Simultaneously with air cargo, the group is building strategic links with rail. The first acquisition came in 2015 when it took over the cargo division of a Portuguese operator. Today, under the Medway umbrella for the rail business, MSC runs container trains across the Iberian Peninsula and Belgium and, since 2023, into Italy through other acquisitions; more recently it has delved deeper into France, as part of a long-term strategy of shifting road haulage to rail. By 2027, Medway expects to run a fleet of 115 locomotives, including 27 electric ones.
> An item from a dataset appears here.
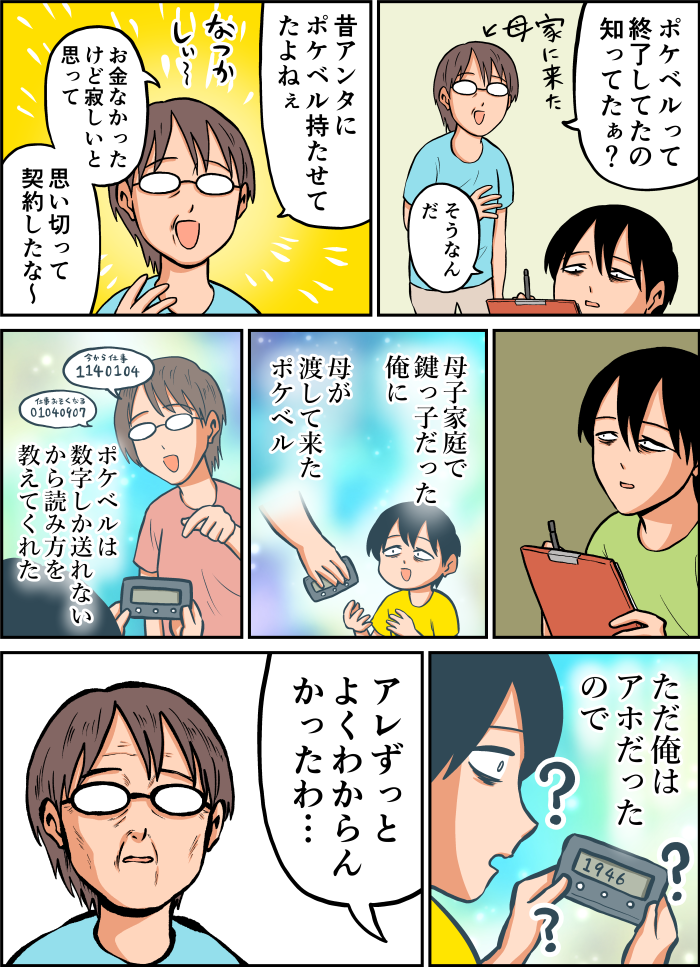 | … | 13925/09/02(火)04:28:01No.1349208022そうだねx1>ポケベル出るまでは家電や手紙だったからな…相当画期的だったらしい |

Another land-based subsidiary, Medlog, is everywhere. Almost continuously it is investing in what it calls “inland logistics platforms” that comprise warehouses, trucks and barges scattered over 80 countries, and rising. And, carrying passengers instead of cargo, in 2024 MSC moved into high-speed trains through a half-share in Italo, a rival to Italy’s state-owned Trenitalia.
A big year
Perhaps MSC’s biggest year for acquisitions came in 2024. In March, its subsidiary group, SAS (Shipping Agencies Services) bought 42% of Lyon-based Clasquin Group, an air and sea forwarding company. In July, Norway’s Gram Car Carriers fell to MSC in a $700M deal. In September, Medlog snapped up British haulier Maritime Transport. In October, Brazil’s 184 year-old Wilson Sons, another port and shipping group, sold a majority stake to MSC. In November, the Port of Hamburg’s main terminal operator, Hamburger Hafen und Logistic, parted with a minority stake to a specially created MSC subsidiary in a difficult and highly political deal involving local authorities. It was a conclusion to a voracious year.
Typically, MSC invests heavily in these acquisitions. For example, in the case of Hamburg it has pledged to provide its share of €450m to equip the port for a target of a million TEU a year by 2031. And starting in 2026, it will build a new German headquarters near the port.
Today’s MSC is hardly recognisable from what it was as recently as 2010. Its shipping line alone sails 300 trade routes and calls at 520 ports. It carries about 24.5m TEU a year. And if the cruise business is included, it employs 200,000 people worldwide.
Hard to credit that it all began with the second-hand Patricia.